綴る

いにしえから今も

装飾用で金の一本線を円形の道具でゆーっくりと押しながら引いているものや本の側面に天金加工を施している動画を Instagramのストーリーズにアップしたのですが、仕事の合間でヴィッツェが彼の師匠達から引き継いだ技術の「基本のキ」を新島さんへ伝授してくれています。

本の表紙や革製品に箔押しが施されているものは私たちも見慣れているとは思うのですが、あれは「フォイル箔」。もちろん、フォイルも輝きはあり、装飾としては十分ですが、ヴィッツェは本物の金の輝きを「美しいよね、本物の金は生きているよ。」とため息まじりの声で天金加工の本を私に見せてきます。確かに、比べると本物の金は立体感と色に深みがあります。本物の金が天金加工で使われている本に馴染みのない私は心の底からは本物の良さを理解できませんでしたが、この数時間後には彼の言わんとすることがわかった気がします。
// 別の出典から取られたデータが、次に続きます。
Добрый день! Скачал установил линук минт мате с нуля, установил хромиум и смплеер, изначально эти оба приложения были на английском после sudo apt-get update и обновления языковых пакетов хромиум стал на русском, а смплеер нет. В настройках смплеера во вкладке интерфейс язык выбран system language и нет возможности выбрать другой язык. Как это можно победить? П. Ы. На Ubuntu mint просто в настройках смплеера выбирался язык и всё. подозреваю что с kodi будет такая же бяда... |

伝統的なやり方で天金加工を施すには材料の準備なども含めたら1日以上かかります。下準備で卵白と水を攪拌し濾過させたり、スターチを水で溶いて熱を加えとろみをつけて糊状にしたり、理科の実験のようなことも含まれます。そして、もっと適正にするならば、金は生き物なので作業をするのに相応しい環境も整える必要があると言います。温度、湿度、使う水は蒸留水が良いなど。(日本の11月〜3月ぐらいの環境。)材料も生物なので、作り置きもできません。早めに使わないとカビが生えてしまします。そう、全てが生き物。金は柔らかく、薄ーい金箔は軽くて人の息で飛んでいってしまいそうなほど。お菓子職人がヘラで金箔を扱うように、製本家も同じような所作で薄い金箔を切ります。さて、その薄い金箔をどうやって本の天地小口に貼るか。

ヴィッツェ「タツ、この金箔どうやって貼ると思う?」
新島「…のりを使うとか?」
ヴィッツェ「それじゃ強すぎる。」
そこら辺にある手のひらサイズの紙を持ってきて、あぶらとり紙を使うようにその紙で顔を押さえるようにして、
ヴィッツェ「こうやって、顔の皮脂を紙にくっつけて、それがのり代わりになる。鼻の周りとか良い脂あるよ、製本家は汚いって? そうだよ。でもこれが一番なんだ。」
(余談ですが、写真のフィルムに傷がついた場合、皮脂を少しつけるとプリントした際に傷が目立たなくなる、と私が学生時代に聞いた記憶があるような。皮脂にも色々なお役目があります。)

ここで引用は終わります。